___ Material for this exercise
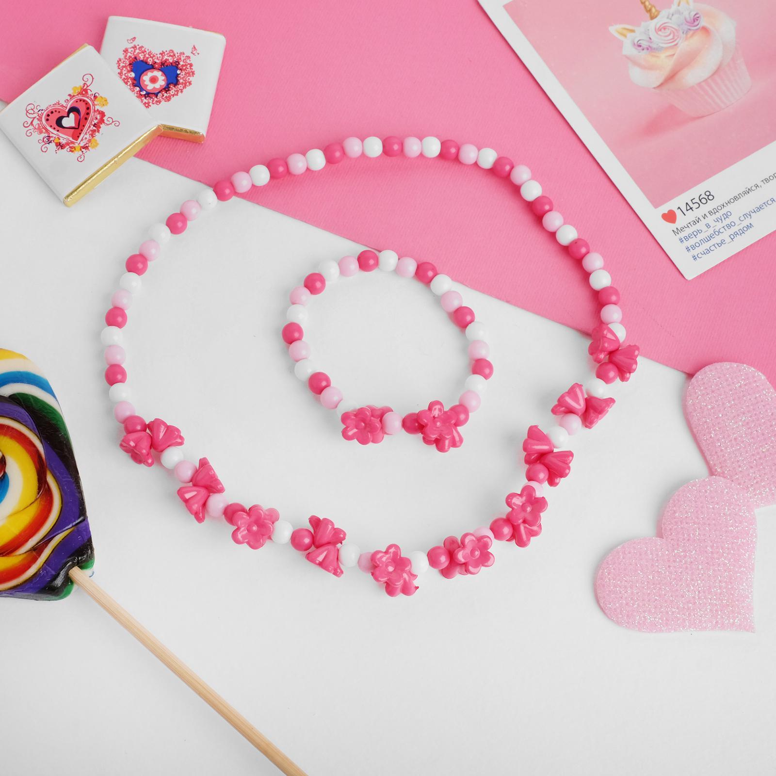 Набор детских украшений выбражулька «цветы сирени», 2 предмета: бусы, браслет D=6 см розовый
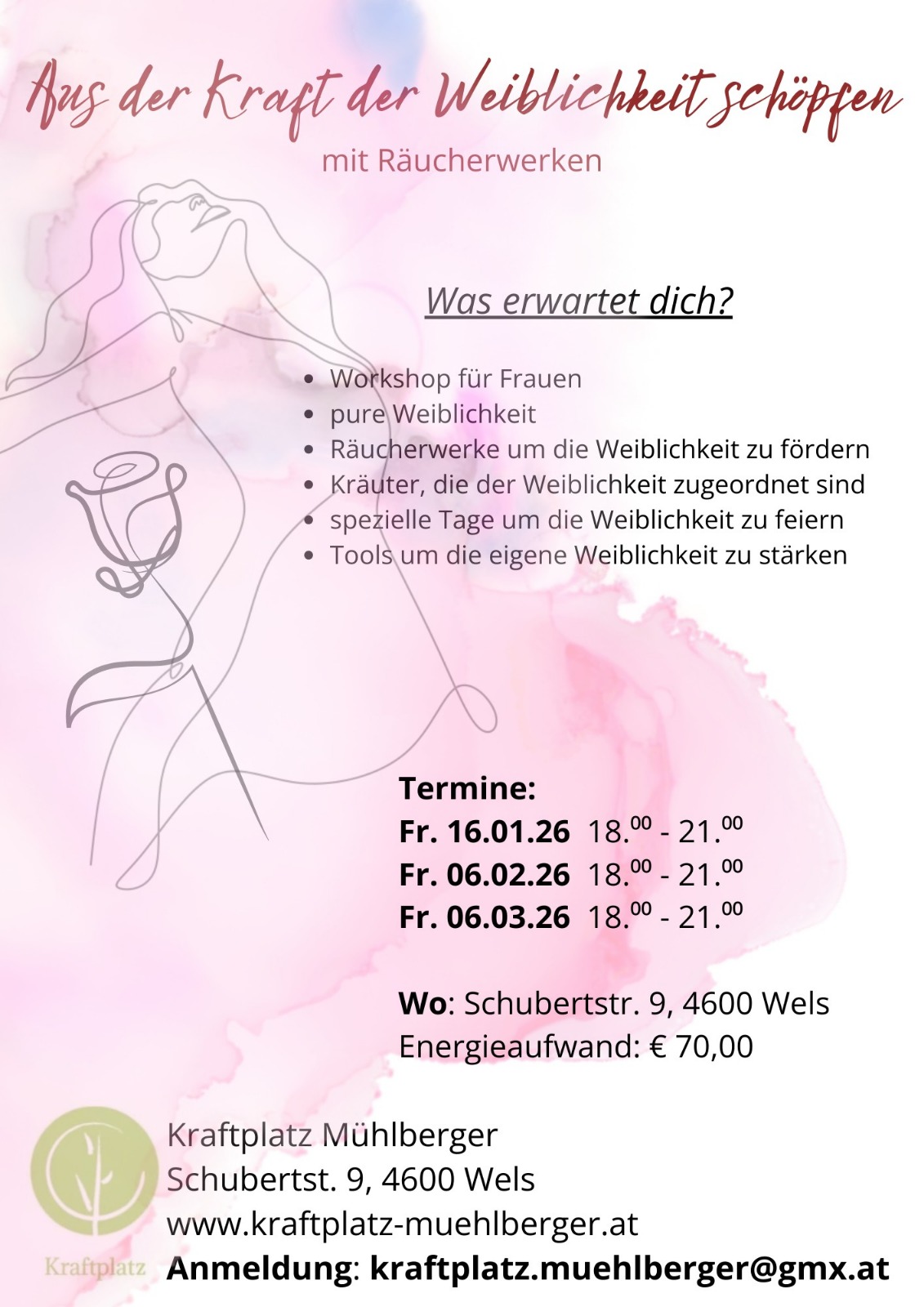Heilsame Gerüche und Räucherzauber - 16. Jänner 26 Entdecke, wie ätherische Öle, Harze und Kräuter deine Gesundheit, Hautpflege und Hausapotheke bereichern. Für dich wenn: 🌿 du wissen möchtest, wie Düfte unsere Stimmung, Energie und Gesundheit beeinflussen 🌿 du natürliche Wege suchst, um dein Wohlbefinden, deine Hautpflege oder Hausapotheke zu bereichern 🌿 du dich für ätherische Öle, Harze, […]
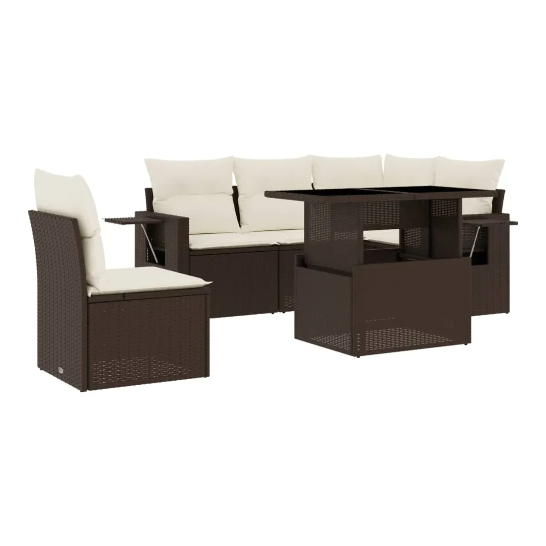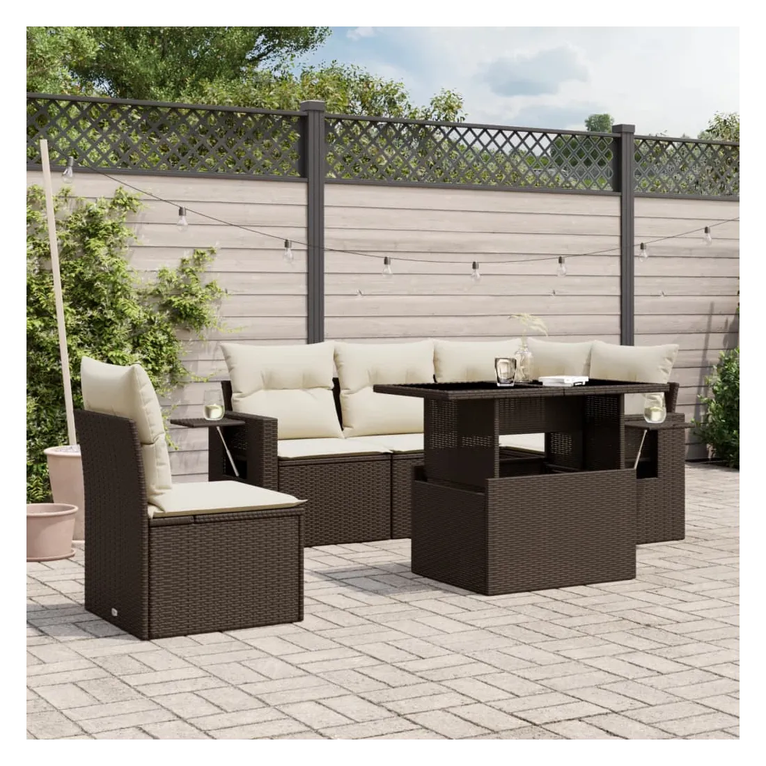 Cet ensemble de canapés de jardin est le complément parfait de votre arrière-cour, terrasse ou patio, offrant un espace confortable et accueillant pour discuter avec la famille et les amis ou simplement se détendre et profiter de l'extérieur. Matériau durable : la résine tressée, également connue sous le nom de poly rotin, est un matériau synthétique solide et nécessitant peu d'entretien qui ressemble au rotin naturel. Il est léger, facile à nettoyer et couramment utilisé pour les meubles d'extérieur en raison de sa durabilité et de ses propriétés de résistance aux intempéries.Dessus de table réglable : le dessus de table peut être soulevé pour rendre la table plus haute, ce qui transforme la table d'extérieur d'une table basse à une table de salle à manger. Elle est parfaite pour recevoir des invités ou prendre des repas à l'extérieur.Table d'appoint pratique : ce mobilier d'extérieur comprend des tables d'appoint pliables avec un ressort à gaz sur les accoudoirs, offrant des endroits pratiques pour garder vos essentiels à portée de main. Expérience d'assise confortable : ce mobilier d'extérieur, doté de coussins épais, offre une expérience d'assise confortable.Conception modulaire : cet ensemble de meubles d'extérieur a une conception modulaire, ce qui le rend complètement flexible et facile à déplacer, afin que vous puissiez créer un agencement de meubles d'extérieur personnalisé. Bon à savoir :Pour que vos meubles d'extérieur restent beaux, nous vous recommandons de les protéger avec une housse imperméable.
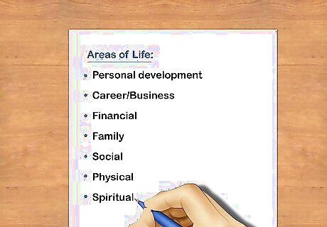 Consider different areas of your life, so that you can look at different aspects separately. Maybe you're someone how spends twelve hours a day at work, but make sure you don't only think about work or business goals. Varying your goals across different areas of your life will help you develop a list that can improve all aspects of your life.
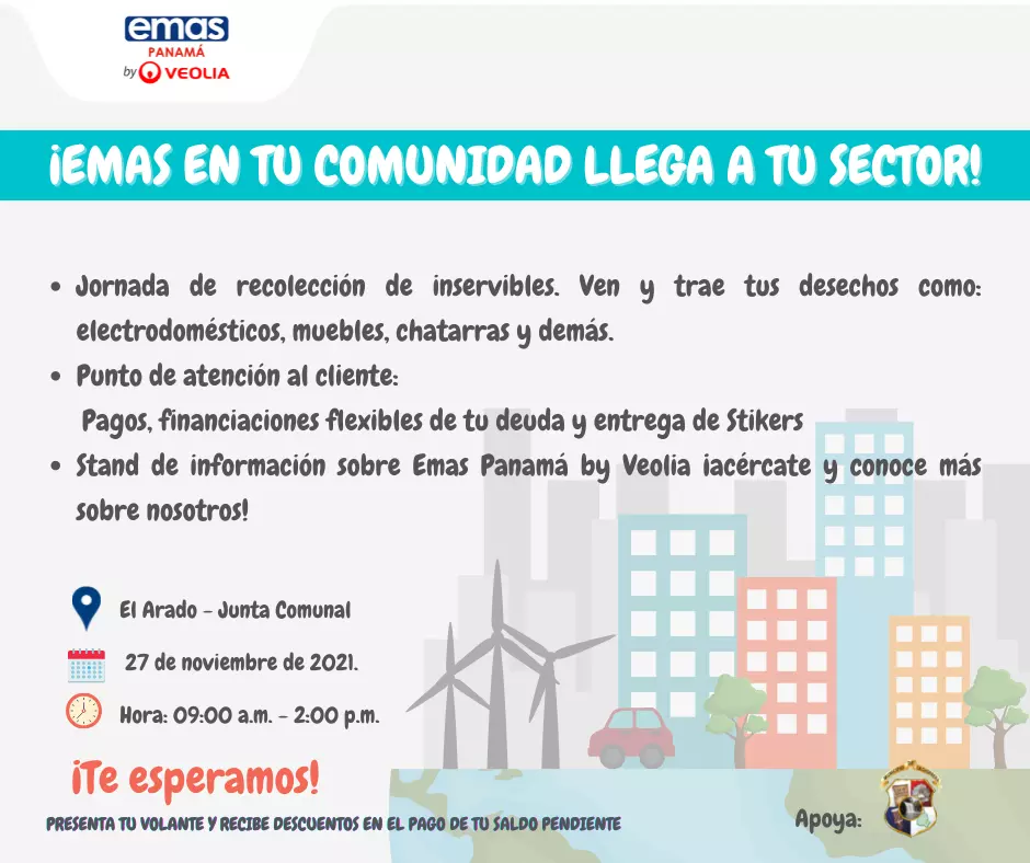 Emas Panamá by Veolia, informa a los residentes del Corregimiento El Arado en el Distrito de La Chorrera, de nuestra próxima feria, organizada con el objetivo de crear espacios de cercanía y relacionamiento con la comunidad.
______
* Work instructions:
Reproduce the material above in full, exactly, with no images.

* Response below:
 Набор детских украшений выбражулька «цветы сирени», 2 предмета: бусы, браслет D=6 см розовый
Heilsame Gerüche und Räucherzauber - 16. Jänner 26 Entdecke, wie ätherische Öle, Harze und Kräuter deine Gesundheit, Hautpflege und Hausapotheke bereichern. Für dich wenn: 🌿 du wissen möchtest, wie Düfte unsere Stimmung, Energie und Gesundheit beeinflussen 🌿 du natürliche Wege suchst, um dein Wohlbefinden, deine Hautpflege oder Hausapotheke zu bereichern 🌿 du dich für ätherische Öle, Harze, […]
 Cet ensemble de canapés de jardin est le complément parfait de votre arrière-cour, terrasse ou patio, offrant un espace confortable et accueillant pour discuter avec la famille et les amis ou simplement se détendre et profiter de l'extérieur. Matériau durable : la résine tressée, également connue sous le nom de poly rotin, est un matériau synthétique solide et nécessitant peu d'entretien qui ressemble au rotin naturel. Il est léger, facile à nettoyer et couramment utilisé pour les meubles d'extérieur en raison de sa durabilité et de ses propriétés de résistance aux intempéries.Dessus de table réglable : le dessus de table peut être soulevé pour rendre la table plus haute, ce qui transforme la table d'extérieur d'une table basse à une table de salle à manger. Elle est parfaite pour recevoir des invités ou prendre des repas à l'extérieur.Table d'appoint pratique : ce mobilier d'extérieur comprend des tables d'appoint pliables avec un ressort à gaz sur les accoudoirs, offrant des endroits pratiques pour garder vos essentiels à portée de main. Expérience d'assise confortable : ce mobilier d'extérieur, doté de coussins épais, offre une expérience d'assise confortable.Conception modulaire : cet ensemble de meubles d'extérieur a une conception modulaire, ce qui le rend complètement flexible et facile à déplacer, afin que vous puissiez créer un agencement de meubles d'extérieur personnalisé. Bon à savoir :Pour que vos meubles d'extérieur restent beaux, nous vous recommandons de les protéger avec une housse imperméable.
 Consider different areas of your life, so that you can look at different aspects separately. Maybe you're someone how spends twelve hours a day at work, but make sure you don't only think about work or business goals. Varying your goals across different areas of your life will help you develop a list that can improve all aspects of your life.
 Emas Panamá by Veolia, informa a los residentes del Corregimiento El Arado en el Distrito de La Chorrera, de nuestra próxima feria, organizada con el objetivo de crear espacios de cercanía y relacionamiento con la comunidad.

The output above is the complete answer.